That contains an excellent explanation of what happens between two
peers. However, it seems that any serverless p2p application would
require lots of sophistication just to determine who needs to connect
to who, in order for everyone to get updated in most or even
relatively efficient manner.

>> (2) Once at least two CouchDB's discover and meet each other, is it
>> just their URLs (domain name or IP based) that are needed? What about
>> routers and/or firewalls?
>
> Yep. As long as the instances can reach each other, everything should
> just work (TM).

How would 2 CouchDBs communicate to each other if both are in
different homes, where each one is behind a router with multiple
computers as CouchDB peers?

> If you want to look at some other offerings, BigCouch
> (https://github.com/cloudant/bigcouch) is one that I quite like. But IMO
> you should get comfortable with what CouchDB provides before you go
> elsewhere.

In terms of this p2p replication, what specifically does BigCouch
offer that is beyond regular CouchDB?

Thanks again.

Re: Peer-to-Peer Replication

Posted by Owen Marshall <om...@facilityone.com>.
On 04/06/2011 02:13 PM, Zdravko Gligic wrote:

> (1) How would two CouchDB go about discovering and meeting each other?
>  Would this not require a central server (similar to IRC) and are
> there any hosted solutions?

Two instances don't discover -- they depend on *you* telling them to
replicate.

To accomplish this you post a message to /_replicate with a source and a
target:

POST /_replicate HTTP/1.1
{"source":"http://foo.bar/database","target":"database"}

Once you've triggered a replication, CouchDB takes over and figures out
the differences between the DB revisions on both instances.

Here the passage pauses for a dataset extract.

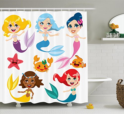 Mermaid Decor Shower Curtain Set By Ambesonne, Collection Of Cute Colorful Mermaids And Sea Friends Kids Cheering Joyful, Bathroom Accessories, 69W X 70L Inches
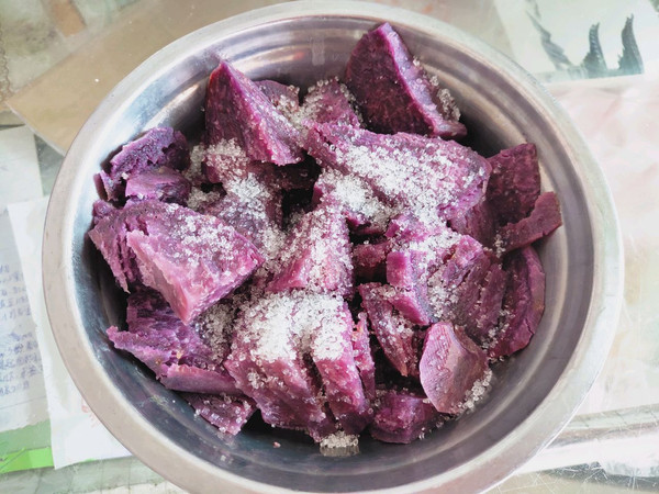 木薯粉和紫薯混合至无干粉无颗粒状态

Once it is done, it is done -- unless you pass continuous: true. That
sets up continuous replication, where the target will watch the source's
_changes API and replicate new docs over as needed.

For more, see http://guide.couchdb.org/draft/replication.html. It's a
great guide.

> (2) Once at least two CouchDB's discover and meet each other, is it
> just their URLs (domain name or IP based) that are needed? What about
> routers and/or firewalls?

Yep. As long as the instances can reach each other, everything should
just work (TM).

If you want to look at some other offerings, BigCouch
(https://github.com/cloudant/bigcouch) is one that I quite like. But IMO
you should get comfortable with what CouchDB provides before you go
elsewhere.

Best,

-- 
Owen Marshall
FacilityONE
omarshall@facilityone.com | (502) 805-2126


Re: Peer-to-Peer Replication

Posted by Zdravko Gligic <zg...@gmail.com>.
OK, lets start with some basic questions ;)

(1) How would two CouchDB go about discovering and meeting each other?
 Would this not require a central server (similar to IRC) and are
there any hosted solutions?

(2) Once at least two CouchDB's discover and meet each other, is it
just their URLs (domain name or IP based) that are needed? What about
routers and/or firewalls?

Thanks again.


On Tue, Apr 5, 2011 at 1:36 PM, Zdravko Gligic <zg...@gmail.com> wrote:
> Hi Folks,
>
> Are there any large implementations of CouchDB peer-to-peer
> replications or even smaller open source samples?  Actually, the piece
> that I am mostly interested in is at the application/design end of how
> to go about implementing the "traffic cop" for a use case where
> everyone is eventually synchronized with everyone else.
>
> Given a large number of peers that one could replicate to/from, is
> there anything within CouchDB that can be "posted centrally" to know
> how up to date anyone is, so that badly out of date peers are
> replicate to/from the more up to date ones, instead to/from each
> other?  What else should I ask, if I knew better ;?)
>
> Thanks,
> Zdravko
>

Re: Peer-to-Peer Replication

Posted by Nebu Pookins <ne...@gmail.com>.
The replication model is such that for every connected graph of peers, all peers in that graph will update to the same up-to-date state. This is what they call "eventual consistentcy". 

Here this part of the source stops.